Albert Franzi Cros

Data Engineer Lead, Typeform

Albert Franzi is a Software Engineer who fell so in love with data that ended up as Data Engineer Lead in the Data Platform Team at Typeform. He believes in a world where distributed organizations can work together to build common and reusable tools to empower their users and projects. Albert deeply cares about unified data and models as well as data quality and enrichment.

He also has a secret plan to conquer the world with data, insights, and penguins.

Past sessions

Summit Europe 2020 Apache Spark Streaming in K8s with ArgoCD & Spark Operator

November 18, 2020 04:00 PM PT

Over the last year, we have been moving from a batch processing jobs setup with Airflow using EC2s to a powerful & scalable setup using Airflow & Spark in K8s.

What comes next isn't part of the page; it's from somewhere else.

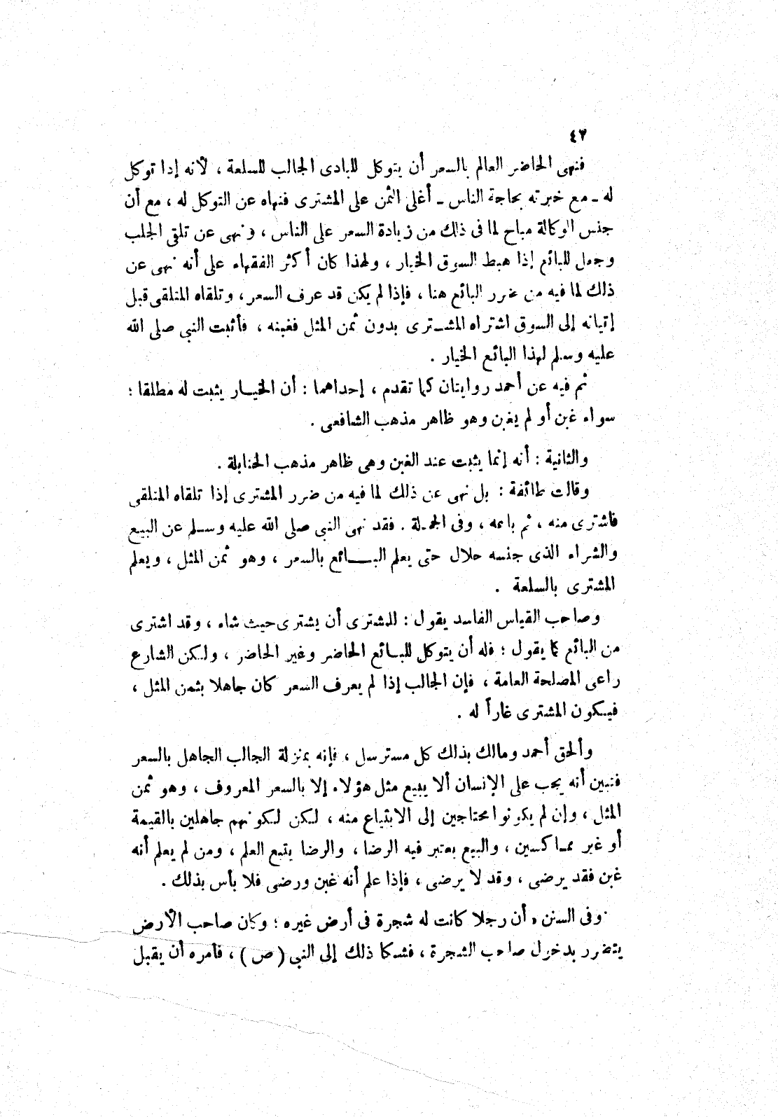 وصاحب القياس الفاسد يقول: للمشترى أن يشترى حيث شاء، وقد اشترى من البائع كما يقول، فله أن يتوكل للبائع الحاضر وغير الحاضر، ولكن الشارع راعى المصلحة العامة، فإن الجالب إذا لم يعرف السعر كان جاهلا بثمن المثل، فيكون المشترى غارا له.
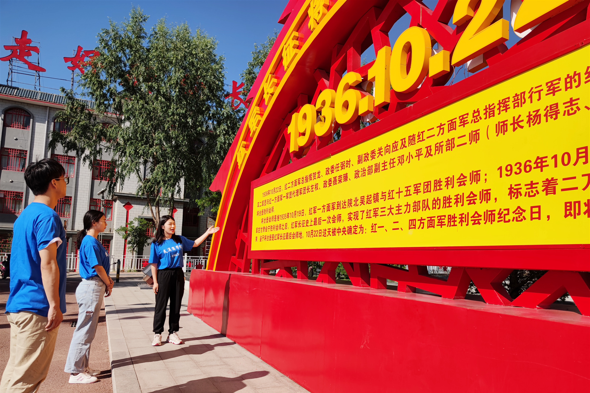 “中国工农红军一、二方面军在将台堡胜利会师,标志着二万五千里长征结束,中国共产党领导的中国革命进入了‘北上抗日驱倭寇、敢教日月换新天’的伟大征程。”将台堡红军长征胜利纪念园里,这段饱含深情的话把实践小分队成员拉回到85年前的那个秋天。1936年10月22日,红二方面军总指挥部、红二军团到达将台堡,同红一方面军第二师胜利会师。

The increasing need of moving forward with all the technology changes, the new community advances, and multidisciplinary teams, forced us to design a solution where we were able to run multiple Spark versions at the same time by avoiding duplicating infrastructure and simplifying its deployment, maintenance, and development.

In our talk, we will be covering our journey about how we ended up with a CI/CD setup composed by a Spark Streaming job in K8s consuming from Kafka, using the Spark Operator and deploying with ArgoCD.

This talk aims to provide an holistic view: from the early and more rudimentary model - batch setup in Airflow & EC2 instances - to the current and more sophisticated one - a streaming with CI/CD in K8s.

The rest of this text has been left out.